As Barbie tries to find the girl who is playing with her, she finds herself sitting on a bench, looking out at a park. As she looks around, she sees for the first time, flashes of humans in various states of being – a couple looks lovingly at each other, a woman walks her dog while playing with her daughter, a man hides his head in his hands in unmistakeable anguish. If it’s true that each one of these humans is an island, then the connectors that make them a continent is Barbie’s empathy. 

This empathy was always there – but that empathy was not a necessary state in Barbieland, where Barbie is everyone.
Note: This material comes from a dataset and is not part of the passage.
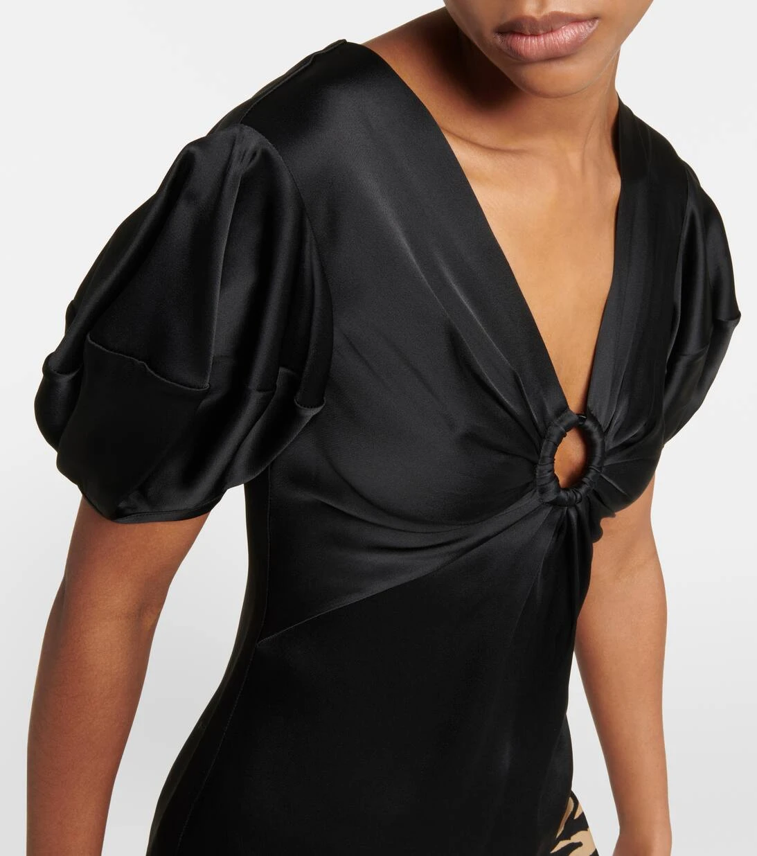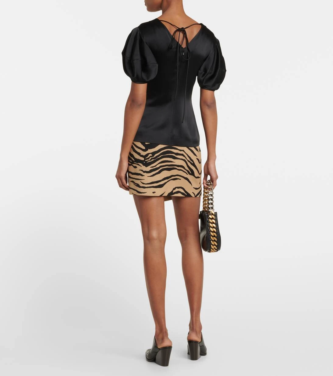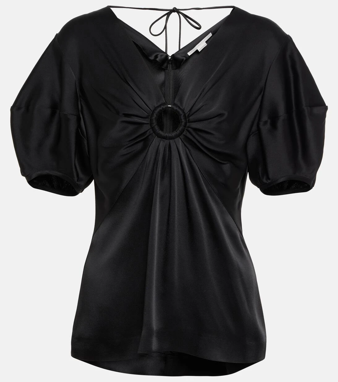 Dieses schlichte und zugleich elegante Top aus Satin von Stella McCartney kann sowohl im Office als auch zu eleganten Events getragen werden. Das Modell zeichnet sich durch ein Ringdetail auf der Brust und dezente Puffärmel aus.

The idea of self was contained within the multitudes of the community – no doll is truly completely unique, and no doll has a need to cultivate an interior life. Here, the magic of being human is living in the wondrous and melancholic first-person, feeling and experiencing everything individually, but doing so together. Barbie feels what others are feeling for the first time, which scares her but makes her feel whole in a way she never thought she could feel. 

Barbie ends this scene of reflection by looking up at the trees in the park, a shade of green deeply foreign to her but somehow the most calming sight she’s ever experienced. Suddenly, I’m looking up at the big oak that covered my childhood backyard, lying in the grass, wondering about the breeze and what my mother is making for dinner. It’s a scene that is pantheistic in its simplicity, where every single part of the branch can be a small God in its own right, and somehow everything becomes a miracle.  

At the film’s emotional climax, Barbie is led to a white heaven space by Ruth Handler, the creator of Barbie. After Ken’s resounding lesson in learning to be an individual man without Barbie, she is left to wonder what she is, if she can even return to Barbieland having known the real world, and what it means to be human. If she even knows what she was made for. Ruth gently guides her to this room, where she bestows upon her a gift: the idea of a choice. 

In this heaven-like space, Gerwig shows us her God. A God that gently takes you by the hand and tells her that the road ahead is hard, but worth it. A God that is kind, and benevolent, and tells you that the ache of being alive is just a new colour that adds to the kaleidoscope of living. A God that’s walked through the same trials and unnervingly difficult tribulations that you have, who tells you to look to them for hope that you will get through it, and to hold on to the rope she left behind when she traveled in your worn-out shoes. 

Gerwig usurps a studio’s insistence on spoon-feeding and lets the audience sit with Barbie in every newly fledged dimension of her body, heart, and soul, as the colour of the back of your eyelids flashes behind her. She inhales and takes the hands of her God, seeing, once again, the trees of our childhood, peppered with people experiencing birthdays, christmases, new years, or just celebrating the magic in an ordinary day. Barbie’s God gifts her with the divine sight of seeing how her life will pan out before it does, the pain and joy all wrapped into one, and allows her the choice, which she takes willingly and excitingly. Barbie chooses to live the full spectrum of what it means to be human, to have a self that is fully unique and actualised, to live in the aching wonder of humanity. That, to me, makes Barbie a spiritual work of the most necessary calibre.